Am 5. Oktober findet der Einführungsvortrag zur Ringvorlesung "Kanada: KulturKontaktKultur" des Zentrums für Kanadastudien der Uni Innsbruck mit internationalen ReferentInnen statt. Dr. Rainer Bauböck, Vorsitzender der Österreichischen Gesellschaft für Politikwissenschaft, eröffnet die Vortragsreihe und referiert zum Thema: "Kanadischer Multikulturalismus: nationaler Sonderweg oder globaler Wegbereiter?"
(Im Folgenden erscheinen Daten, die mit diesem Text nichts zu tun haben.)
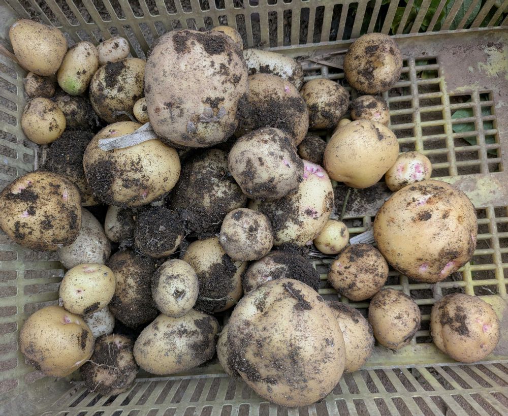 散歩で破竹のタケノコをゲット(笑)したので庭のジャガイモほじってみました、
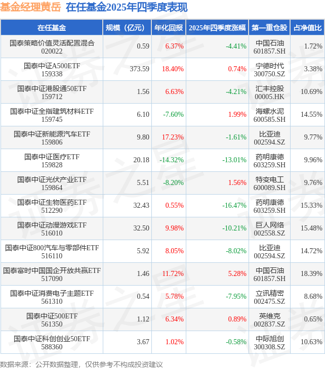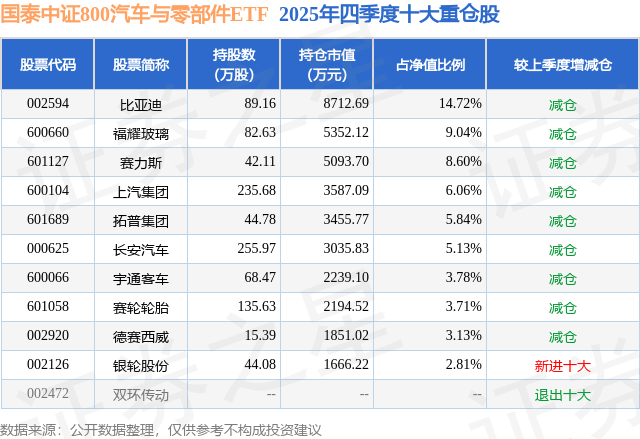 从基金规模来看,国泰中证800汽车与零部件ETF基金2025年四季度公布的基金规模为5.92亿元,较上一期规模8.96亿元变化了-3.04亿元,环比变化了-33.91%。该基金最新一期资产配置为:股票占净值比99.55%,无债券类资产,现金占净值比0.65%。从基金持仓来看,该基金当季前十大股票仓位达62.82%,第一大重仓股为比亚迪(002594),持仓占比为14.72%。
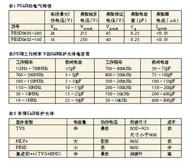 ESD元件最重要的參數是電容量。一般MLV的電容量是40~220pf,E系列的電容量是3~12pf;而PESD的電容量僅為0.25pf。
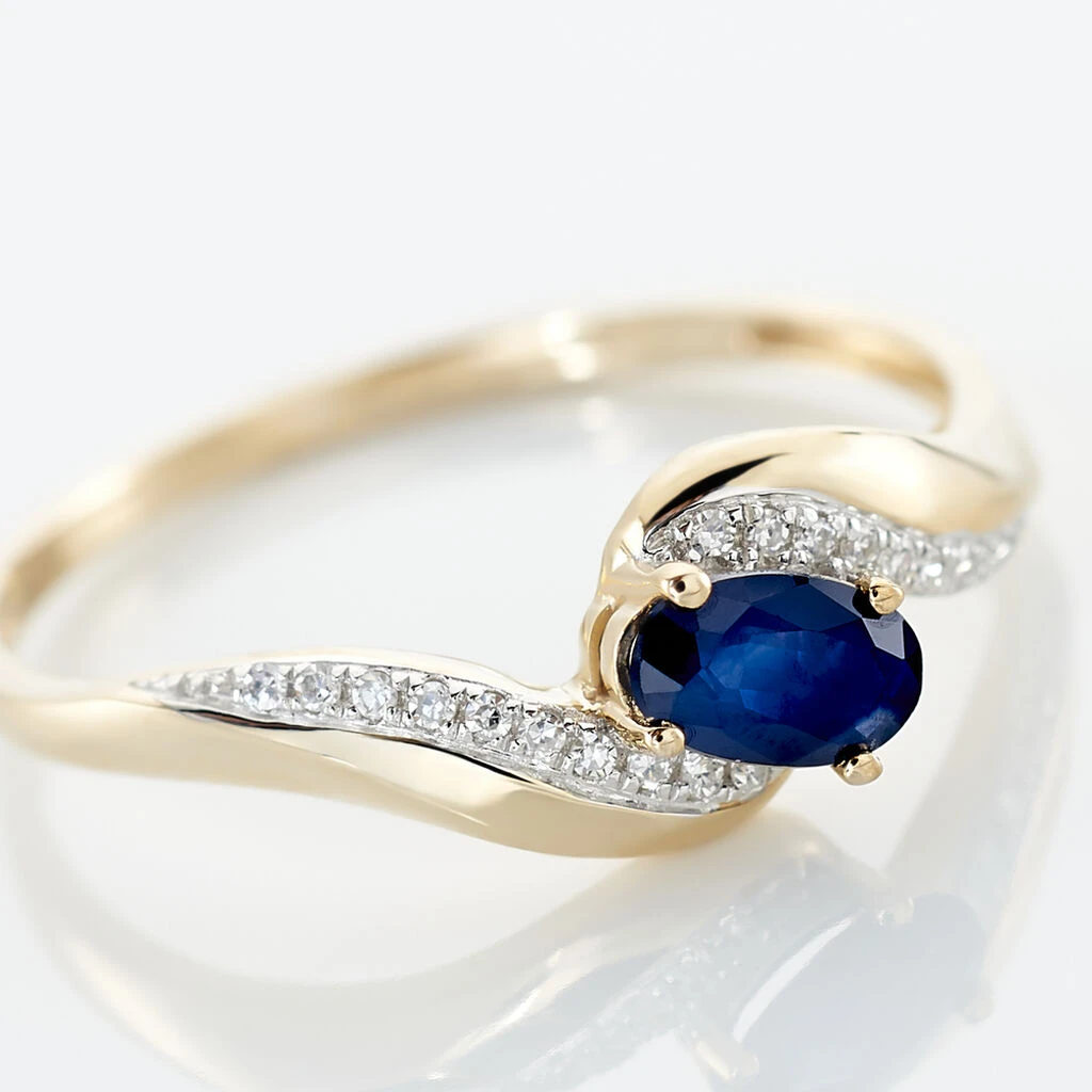 Bague Or Jaune 375/1000 Saphir Incliné 0.33ct Serti Griffes Et Diamants
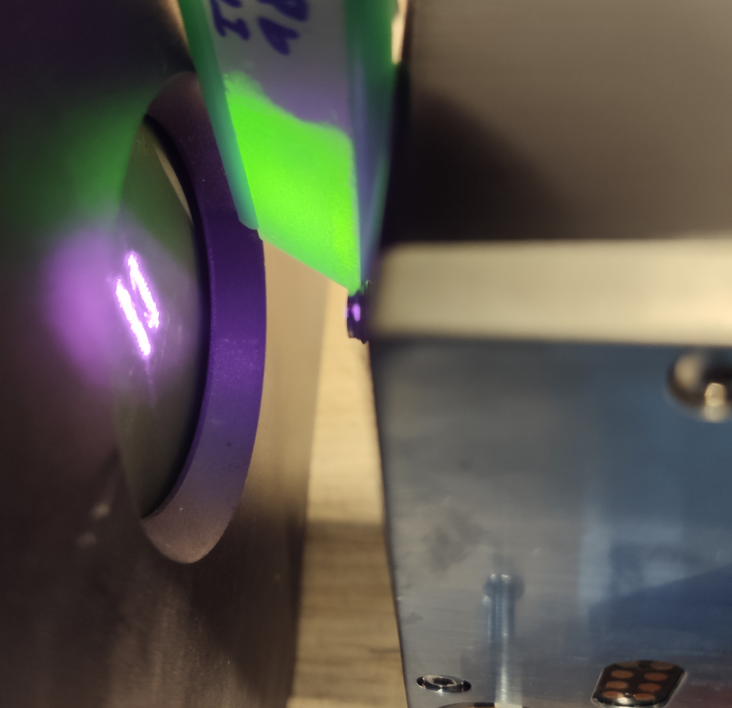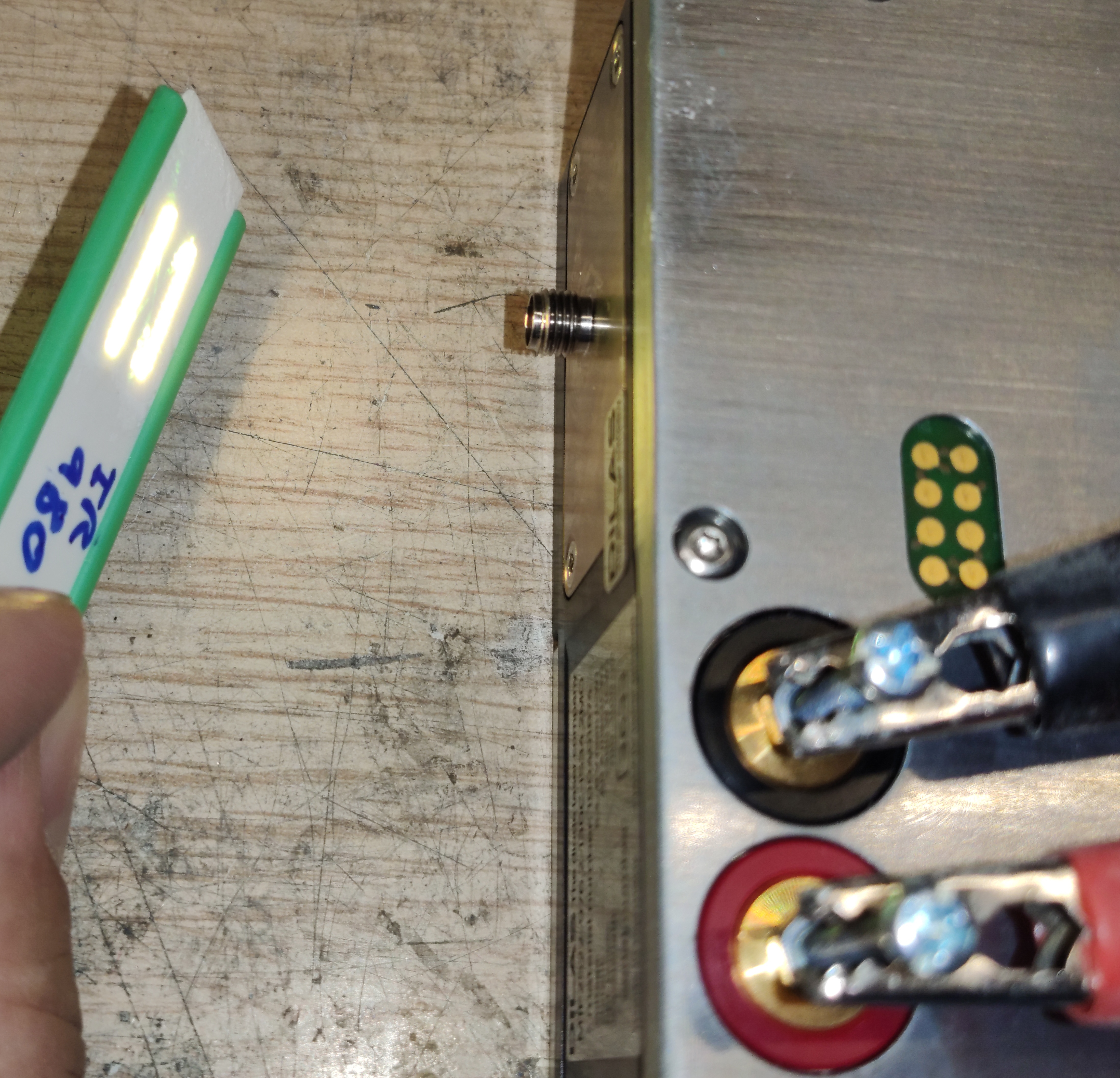 Comprobando la salida láser con un test de infrarrojos, funcionando justo por el mínimo de potencia de emisión, a 6,5V y 9Amperios.

Kandada hat als erster Staat im Jahr 1971 eine Politik des offiziellen Multikulturalismus eingeführt. In den 1980er Jahren wurde diese Idee in mehreren europäischen Staaten aufgegriffen. Kanadische politische Philosophen wie Charles Taylor, Will Kymlicka und James Tully, die in den 1990er Jahren für multikulturelle Konzeptionen von Liberalismus und Demokratie argumentierten, fanden in akademischen Debatten ein globales Echo. In Westeuropa zeichnet sich jedoch heute eine Kehrtwende ab, die quer durch die ideologischen Lager religiöse Toleranz, kulturelle Anerkennung und Minderheitenautonomie in Frage stellt. War das kanadische Modell also doch nur ein Sonderweg? Beruht der kanadische Multikulturalismus, wie viele behaupten, auf einzigartigen Voraussetzungen, oder sind die kanadischen Antworten auf Immigration, indigene Selbstbestimmung und frankophonen Nationalismus nicht doch Beispiele für erfolgreiche Konfliktbewältigung in von "deep diversity" (Taylor) geprägten Gesellschaften?

Diese und andere Fragen beantwortet Dr. Rainer Bauböck am 5. Oktober um 16.00 Uhr im Hörsaal 10 GeiWi / Innrain 52 im Beisein von Prof. Tilmann Märk, Vizerektor für Forschung.

Zur Person:

Dr. Rainer Bauböck ist Politikwissenschaftler und Senior Researcher an der Österreichischen Akademie der Wissenschaften, Institut für Europäische Integrationsforschung, und stellvertretender Vorsitzender der Kommission für Migrations- und Integrationsforschung an der Akademie. Sein Forschungsschwerpunkt liegt auf Politischer Theorie, Migration, Staatsangehörigkeit, Multikulturalismus und Minderheitenrechten. Von 1986 bis 1999 war Bauböck Assistenzprofessor am Institut für Höhere Studien, Wien. Außerdem ist er regelmäßig als Lehrender an den Universitäten Innsbruck und Wien tätig. Während des Sommersemesters 2005 lehrte er als Gastprofessor an der Yale University (USA). Neben seiner Mitherausgeberschaft an zahlreichen Journalen ist Bauböck auch als Autor von Publikationen zum Thema internationale Migration und Integration tätig.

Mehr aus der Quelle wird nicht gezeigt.